Beitrag von Pluto » Mo 12. Jun 2017, 09:06

Andreas hat geschrieben:So habe ich nicht argumentiert. Ich schrieb:
Andreas hat geschrieben:Dass wir Diese oder Jene Entscheidung treffen können, ist eine Tatsache, die vom genetischen Code konstituiert ist, und hat Auswirkungen auf die umgebende Natur zur Folge.
Die Wahl zwischen Espresso oder Cappuchino steht dir frei - mit der Natur unverhandelbar ist und bleibt: trink oder stirb!
Die Wahl zwischen See A oder See B steht dem Seeadler frei - mit der Natur unverhandelbar ist und bleibt: friss oder stirb!
Deine Ansicht ist das Gegenteil dessen was man als "unbeschriebenes Blatt" bezeichnet. Tatsächlich ist es so, dass Vieles in unseren Genen programmiert ist (Kein unbeschriebenes Blatt) und Vieles von Erfahrung und Erlebnissen im Leben geprägt wird. Wie das Verhältnis ist, wissen wir nicht; ein guter Wert ist aber wahrscheinlich 50/50.

Andreas hat geschrieben:
Thaddäus hat geschrieben:Es gibt für den Menschen kein einfaches "Zurück zur Natur", denn er ist von ihr durch den tiefen Graben seines Bewusstseins für immer und ewig getrennt.
Wie begründest du, dass das Bewusstsein ein tiefer Graben sei, welcher den Menschen von der Natur für immer und ewig trennen würde? Das ist wohlklingende Poesie - ermöglicht durch und im Rahmen von unserer natürlichen, biologischen und genetischen, Konstitution. Das scheint mir eher ein Argument dafür zu sein, dass Poesie ein Naturphänomen ist als ein Argument für den angeblich immer und ewig trennenden Graben.
In diesem Fall, gebe ich Thaddäus absolut recht. Wir Menschen sind Natur.

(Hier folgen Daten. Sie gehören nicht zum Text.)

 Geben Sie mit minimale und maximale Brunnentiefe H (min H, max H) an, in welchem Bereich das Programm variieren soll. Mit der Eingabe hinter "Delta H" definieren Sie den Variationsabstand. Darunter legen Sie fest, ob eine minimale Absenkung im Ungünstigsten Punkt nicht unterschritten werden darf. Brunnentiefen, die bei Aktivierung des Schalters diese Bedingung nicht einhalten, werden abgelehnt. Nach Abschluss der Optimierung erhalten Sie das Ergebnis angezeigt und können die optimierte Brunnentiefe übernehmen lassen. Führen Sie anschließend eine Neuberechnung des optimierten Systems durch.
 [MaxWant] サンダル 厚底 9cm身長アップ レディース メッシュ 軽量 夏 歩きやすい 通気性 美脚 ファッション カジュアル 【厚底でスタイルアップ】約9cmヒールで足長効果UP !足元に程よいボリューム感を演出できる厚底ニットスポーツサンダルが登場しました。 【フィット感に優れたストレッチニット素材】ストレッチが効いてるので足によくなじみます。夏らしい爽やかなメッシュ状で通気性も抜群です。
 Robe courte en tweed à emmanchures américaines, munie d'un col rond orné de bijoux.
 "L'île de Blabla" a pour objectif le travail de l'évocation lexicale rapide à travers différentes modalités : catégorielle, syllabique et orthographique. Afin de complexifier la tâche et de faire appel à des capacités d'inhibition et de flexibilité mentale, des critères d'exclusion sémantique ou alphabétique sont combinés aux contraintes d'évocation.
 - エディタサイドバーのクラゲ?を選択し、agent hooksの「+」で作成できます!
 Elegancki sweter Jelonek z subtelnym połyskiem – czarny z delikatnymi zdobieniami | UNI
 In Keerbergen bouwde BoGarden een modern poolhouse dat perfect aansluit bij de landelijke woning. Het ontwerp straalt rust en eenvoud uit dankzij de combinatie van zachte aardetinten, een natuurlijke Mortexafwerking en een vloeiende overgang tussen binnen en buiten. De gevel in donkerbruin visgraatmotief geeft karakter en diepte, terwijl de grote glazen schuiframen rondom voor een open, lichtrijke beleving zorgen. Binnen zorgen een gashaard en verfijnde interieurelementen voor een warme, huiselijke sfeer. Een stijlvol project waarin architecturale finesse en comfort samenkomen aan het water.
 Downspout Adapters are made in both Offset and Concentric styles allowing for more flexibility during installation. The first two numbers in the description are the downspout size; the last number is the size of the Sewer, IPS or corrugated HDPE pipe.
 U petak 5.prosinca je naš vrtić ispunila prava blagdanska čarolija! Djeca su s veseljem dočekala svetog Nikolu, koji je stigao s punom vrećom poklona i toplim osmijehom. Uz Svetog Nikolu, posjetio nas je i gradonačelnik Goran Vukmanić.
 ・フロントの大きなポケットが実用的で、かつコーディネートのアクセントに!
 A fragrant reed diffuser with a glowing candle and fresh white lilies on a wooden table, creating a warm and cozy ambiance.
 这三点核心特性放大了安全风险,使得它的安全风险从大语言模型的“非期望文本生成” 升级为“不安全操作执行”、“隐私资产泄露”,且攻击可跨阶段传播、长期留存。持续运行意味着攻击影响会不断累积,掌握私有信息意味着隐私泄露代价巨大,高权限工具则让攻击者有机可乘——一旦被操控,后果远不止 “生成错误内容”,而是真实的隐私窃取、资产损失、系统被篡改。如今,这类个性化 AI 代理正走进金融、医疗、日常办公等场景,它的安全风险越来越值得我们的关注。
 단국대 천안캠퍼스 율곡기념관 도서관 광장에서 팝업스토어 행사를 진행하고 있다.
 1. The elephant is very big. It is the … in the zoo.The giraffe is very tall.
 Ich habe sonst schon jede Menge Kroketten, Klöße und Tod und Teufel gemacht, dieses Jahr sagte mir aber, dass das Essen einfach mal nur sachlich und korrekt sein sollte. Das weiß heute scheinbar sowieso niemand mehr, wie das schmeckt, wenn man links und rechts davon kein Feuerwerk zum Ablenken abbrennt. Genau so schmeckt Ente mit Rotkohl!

Andreas hat geschrieben:Du wiederholst lediglich deine Behauptung, dass der Mensch von der Natur "unüberbrückbar" getrennt sei, ohne sie auch nur ansatzweise zu Begründen. Stattdessen baust du hier den Strohmann auf, dass ich wollen würde, dass der Mensch "zurück zur Natur" gehen solle. Ich begründe aber mit Argumenten genau das Gegenteil: der Mensch hat sich niemals von der Natur getrennt, oder könne dies jemals tun.
Das ist richtig.
Ein Beispiel aus der Genetik:
Seit Jahrmilionen verändern sich die Gene auf natürliche Weise. Schon Darwin erkannte seinerzeit die Ähnlichkeit der Zucht mit der natürlichen Auslese. Heute kann der Mensch viel mehr: Er greift selbst in den Mutationsprozess ein, doch am Prozess selbst hat sich nichts verändert. Es bleibt derselbe natürliche Prozess, weshalb ich die ganze Aufregung wegen "künstlicher" Genmanipulation nicht verstehe. Der ganze Unsinn dieser Haltung zeigt sich in folgendem Witz:
  • Ein Kunde steht am Bio-Gemüsestand.
    "Sind da Gene drin", fragt er und zeigt auf die Strauchtomaten.
    "Ich hoffe doch", sagt die Marktfrau.
    Da geht der Mann weiter. Gen-Tomaten will er nicht.

Andreas hat geschrieben:Damit äußere ich einen berechtigten Zweifel an deiner und Plutos "unzweifelhaft" richtigen Aussage, dass sich die Natur nicht darum schere, was der Mensch setzen würde.
Kannst du anhand von Beispielen deinen Standpunkt erklären?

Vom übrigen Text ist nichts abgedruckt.